I grabbed a screenshot from here, which is based off the same data set, and here’s an indication of the incidence of the most recently reported deaths [on 21 July 2020, as I grabbed this graphic on 22 July 2020. There is a data problem today on 23 July 2020, as one of the deaths was officially entered as having occurred in 1989, so I obviously didn’t update anything].
So, of all the COVID deaths reported on 21 July 2020, only one actually occurred on 21 July. That doesn’t surprise me at all. The majority of the reported COVID-19 deaths occurred 1-4 days before. Then, there are some small stragglers from almost a month ago.
This is even worse for COVID cases, by the way. If nothing else, you can die only once from COVID.
You can test both negative and positive from COVID multiple times, dependent on how many times you’ve been tested. There is definitely a lag on reporting back that negative or positive result, and it can differ within the same testing organization and obviously between organizations.
Jon Taylor has discovered other issues with the Florida data, such as labs that are reporting only positive test results. Again, I posit only laziness.
Going back to total deaths from all causes, and relevant comparisons
Yes, yes, I will be getting to my mortality update (hope to do a video this weekend). This is me getting an important point out of the way.
If things weren’t changing so much so rapidly, it would not be too huge a deal that there were 1-4 days lag in reporting COVID deaths and then just going by newly reported deaths.
Indeed, if people just told you the new deaths from any cause per day, that is far less likely to give you huge spikes. You can say “There were 900 total new deaths reported today, of which 150 were attributed to COVID-19.” It gives you an idea of how many deaths per day have been happening, because it’s tough to know if 150 deaths are very few or quite a lot compared to background mortality.
That does presume that the COVID deaths aren’t being treated differently from counting other deaths (almost certainly not true, but let’s pretend).
The problem with much of the reporting around COVID-19 deaths is that the focus is making sure the media audience keeps showing up (this is even separate from any political situations), and not necessarily in giving people information so that they can gauge how serious the mortality impact is. Most people really have no clue how many people die per day in the U.S. normally (and how much that varies seasonally), forget about in their particular state or city.
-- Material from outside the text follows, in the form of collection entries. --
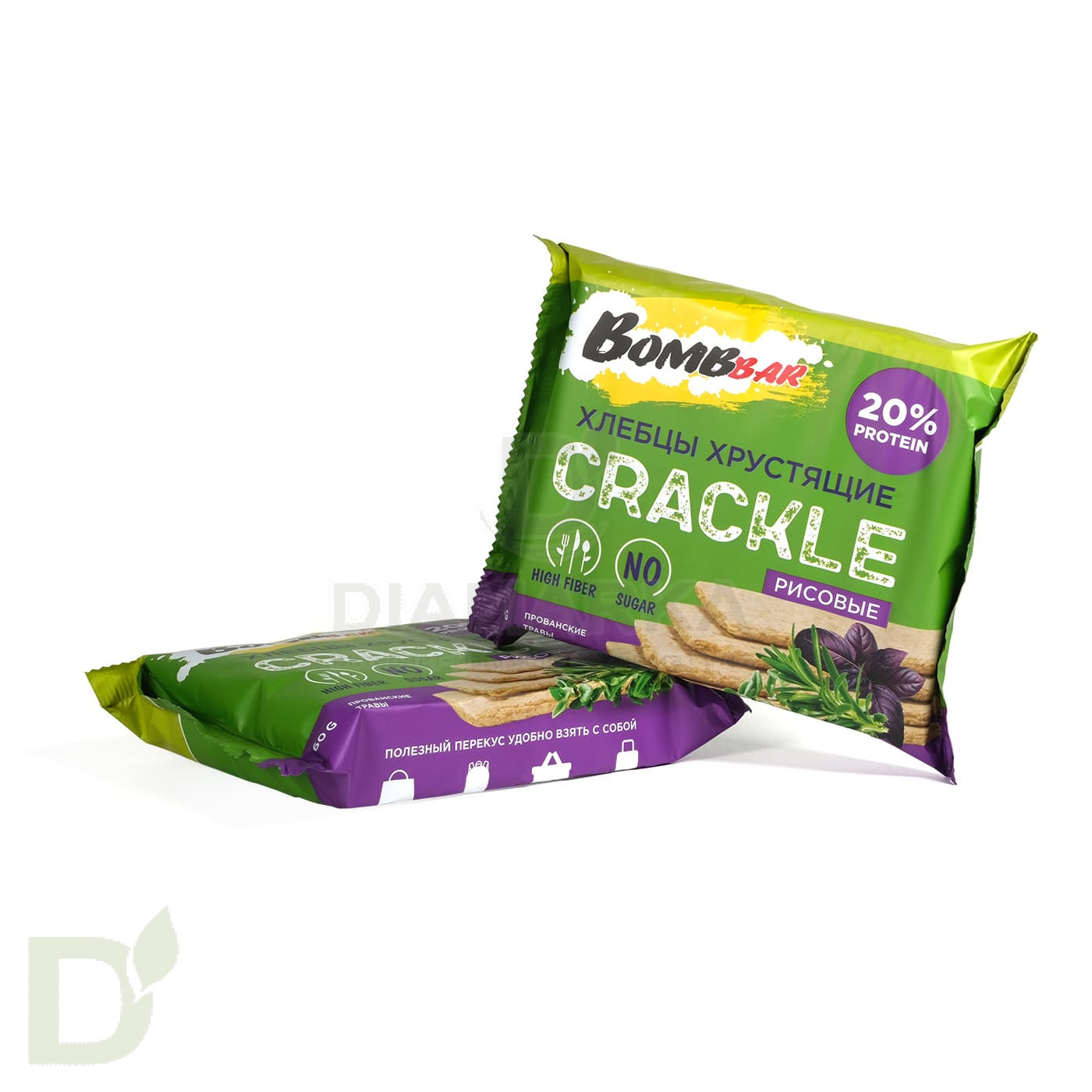 <h2>Хлебцы, как компонент правильного питания</h2> Хрустящие хлебцы - это отличная основа для правильно утреннего бутера или перекуса. Они прекрасно сочетаются с творожным сыром, авокадо, слабосоленой рыбкой, мясом или паштетом. Вкусно, хрустяще, сытно и полезно!<br> <br> <br> <h3>Не только вкусно, но и полезно</h3> Хлебцы Бомббар на 20% состоят из растительного - горохового - протеина. Они не содержат сахара и каких бы то ни было вредных добавок. Ах да, чуть не забыли: эти хлебцы имеют повышенное содержание углеводов! Один хлебец содержит примерно в 2-3 раза меньше углеводов, чем эквивалентный по размеру кусочек хлеба.<br> <h3>Состав хлебцев</h3> мука рисовая, мука овсяная, изолят горохового белка 85%, прованские травы, соль.<br> <h3>КБЖУ на 100 грамм хлебцев</h3> б - 21,4<br> ж - 3,3<br> у - 58,3<br> 351,6 ккал<br> <br> Масса нетто 60 грамм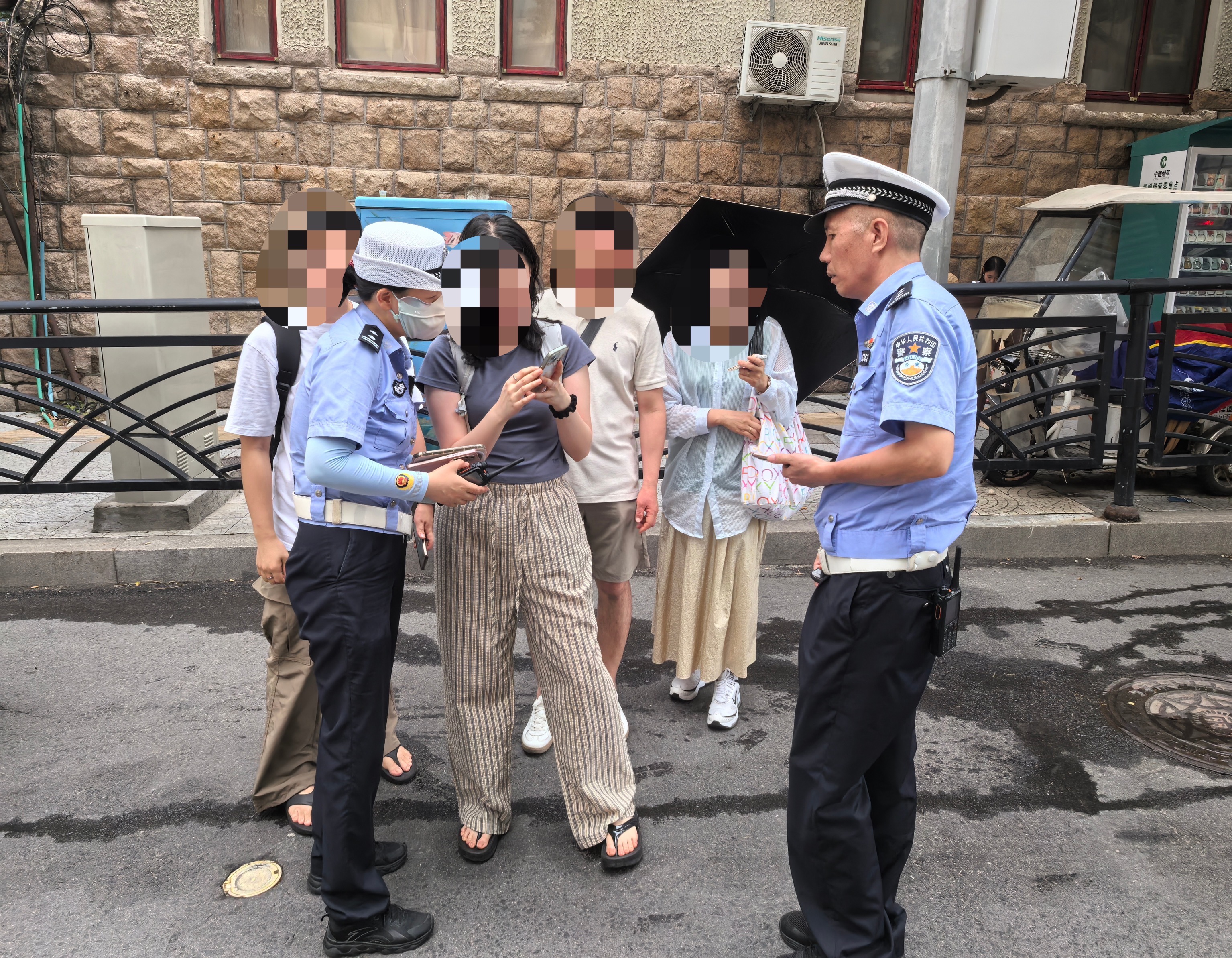 7月20日上午10时30分许,青岛市公安局交通管理支队市南区大队火车站中队民警韩通科、黑红光在上街里啤酒节会场周边执勤时,遇到四名来青游客焦急求助。游客称,他们从住宿酒店打车至湖北路宁阳路路口后,发现手机遗落在出租车上,十分着急。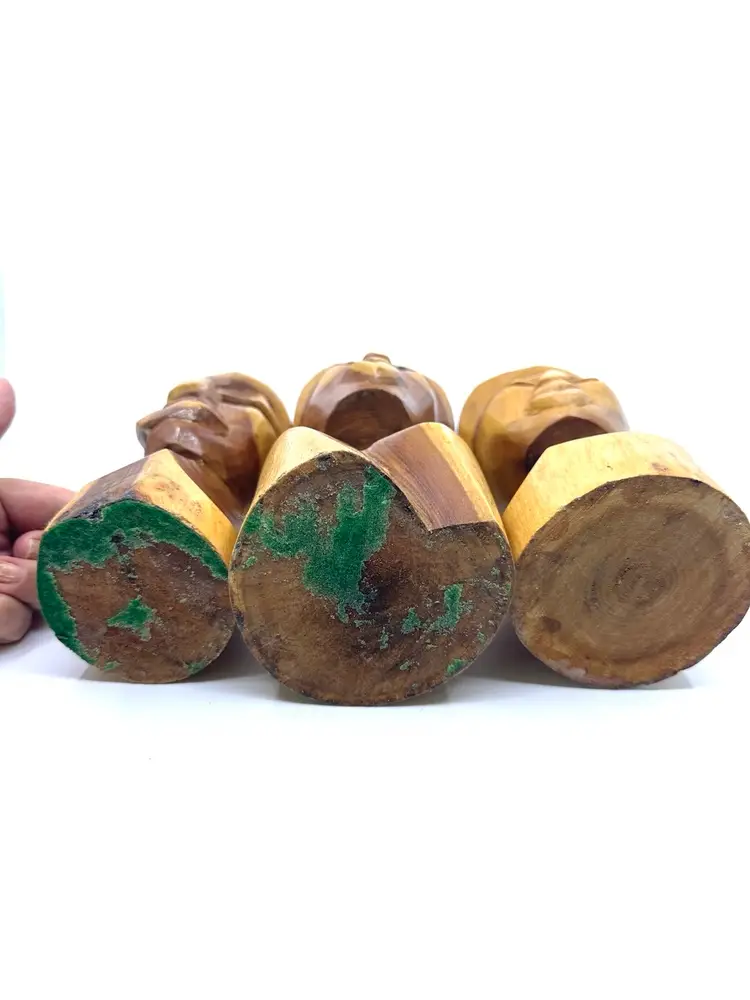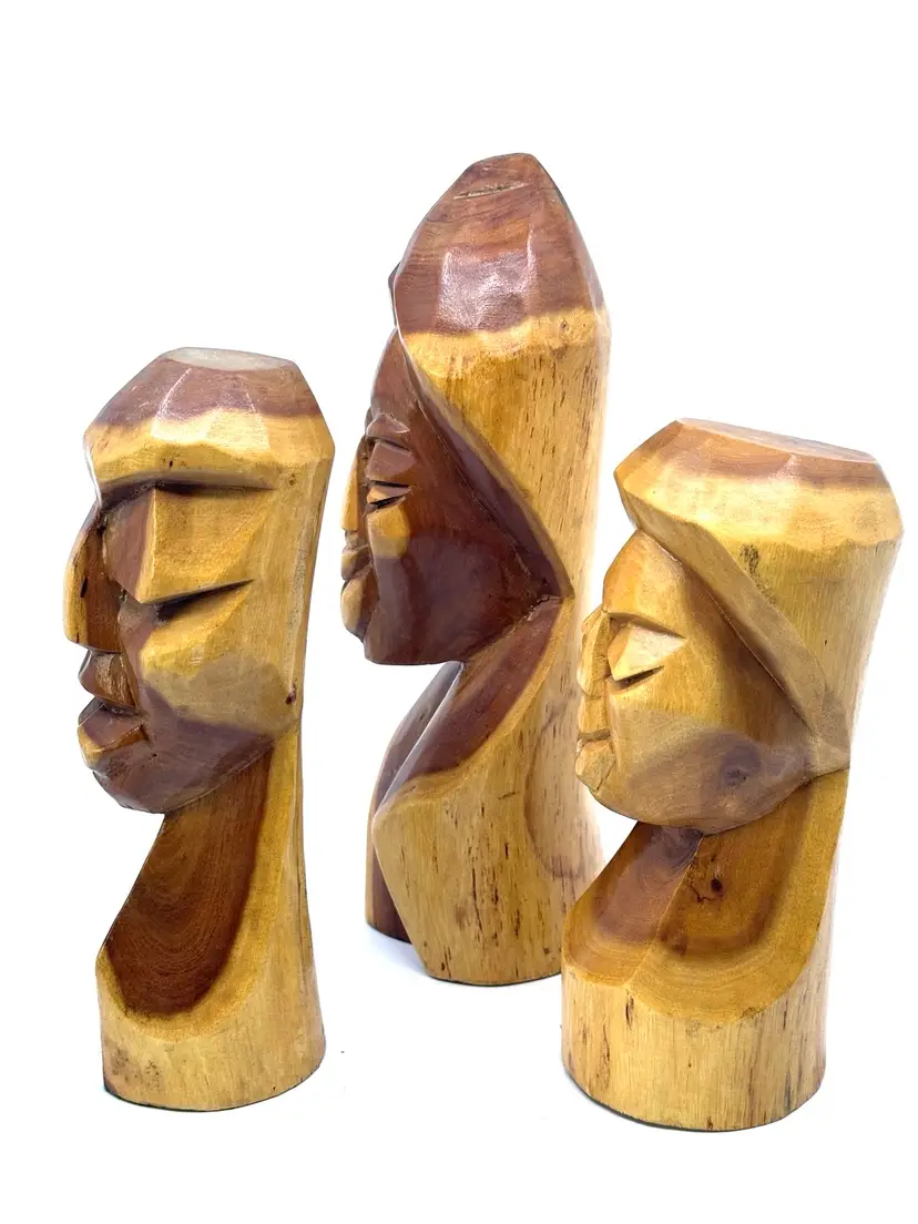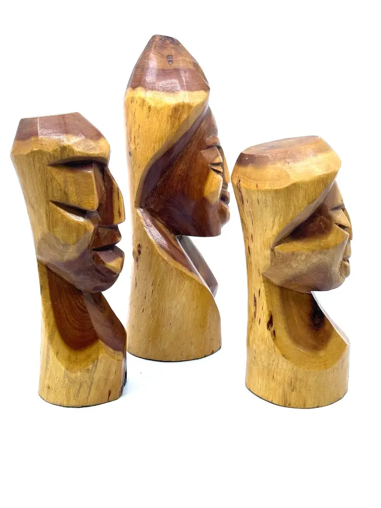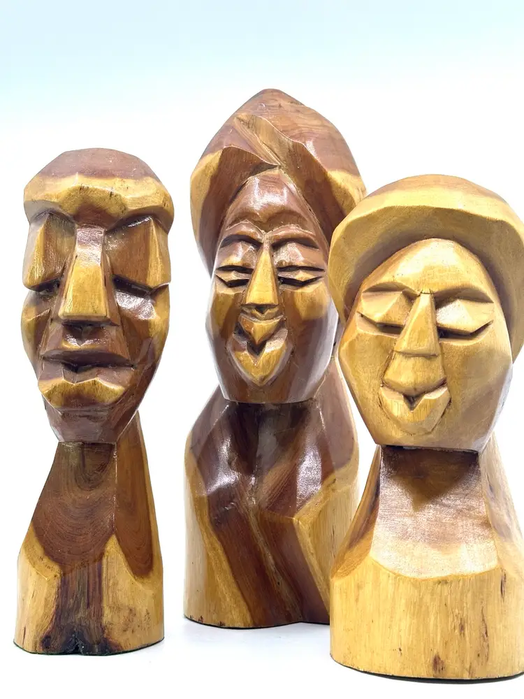 This set of three rustic wood carvings is a unique addition to any art collection. Hand-carved in the 1970s in the Bahamas, these sculptures feature a Rastafarian style and are made from high-quality wood. The intricate production technique used to create these sculptures makes them one-of-a-kind pieces of art.
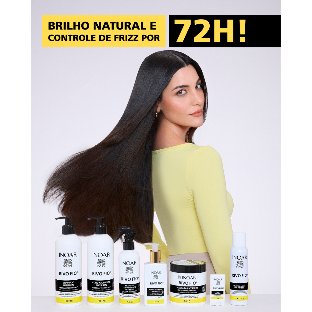 Inoar Rivo Fios Máscara Antifrizz 500g ACALME SEUS FIOS E ATIVE O BRILHO NATURAL DO SEU CABELO. A prescrição perfeita para um lifting capilar impecável. Seu cabelo sem frizz que resiste por até 72h! TECNOLOGIA PARA TODOS OS TIPOS DE CABELOS: Desenvolvida para todas as curvaturas de fios de cabelos, a linha RIVO Fios entrega resultados visíveis desde a primeira aplicação: fios protegidos da umidade, com brilho natural e sem frizz. PRINCÍPIOS ATIVOS: -NIACINAMIDA; -ALFA-HIDROXIÁCIDO [AHA] REDUÇÃO DO FRIZZ; -QUERATINA VEGETAL ALINHAMENTO; -GÉRMEN DE TRIGO FORTALECE E AUXILIA NA SAÚDE CAPILAR. BENEFÍCIOS: -72H RESISTÊNCIA DE CONTROLE DE FRIZZ; -FIOS SEDOSOS; -FÁCIL DESEMBARAÇO; -MENOS DANOS FUTUROS. Contem: 1-Inoar Rivo Fios Máscara Antifrizz 500g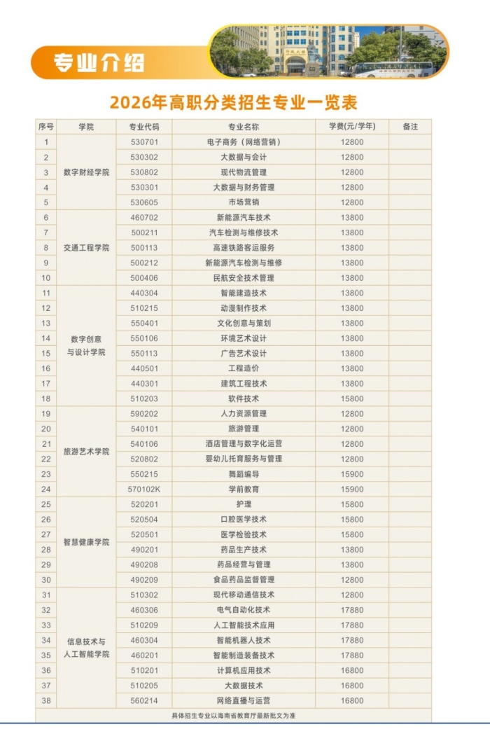 海南工商职业学院2026年高职分类招生简章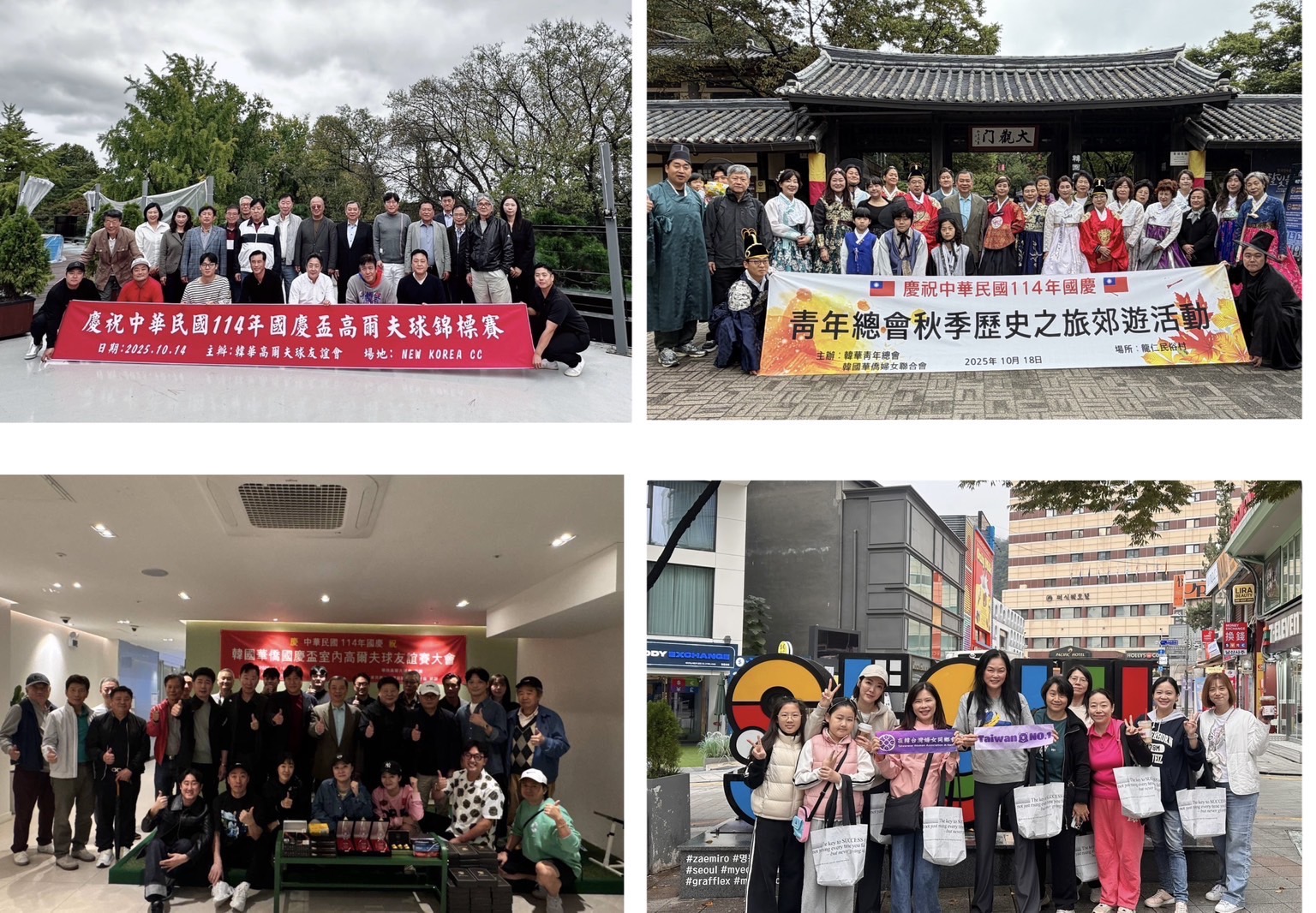韓國華僑協會聯合總會青年會接力於10月18日由會長何紹榮帶領,前往龍仁民俗村進行國慶秋遊活動,韓國華僑婦女聯合會亦由會長劉美珍率團一同參與,計約40位會員共慶雙十。是日下午華新高爾夫球會舉辦國慶盃室內高爾夫球賽,韓華青年以流行的運動方式來慶祝國慶,丘高偉代表於兩場活動中均表示感謝僑團熱烈舉辦國慶活動,同時勉勵所有韓華青年持續積極服務僑社,展現韓華僑界嶄新風貌。

Bringing it back to the actuarial profession, we are notorious for getting hung up on details and nit-pickery, and supposedly have trouble with the big picture.
Well, I say for fast-moving issues like COVID-19, those details are indeed very important, and you will get an entirely misleading big picture unless you know exactly what you’re looking at.
Data people — you need to build better, more meaningful dashboards. Stop with the meaningless statistics.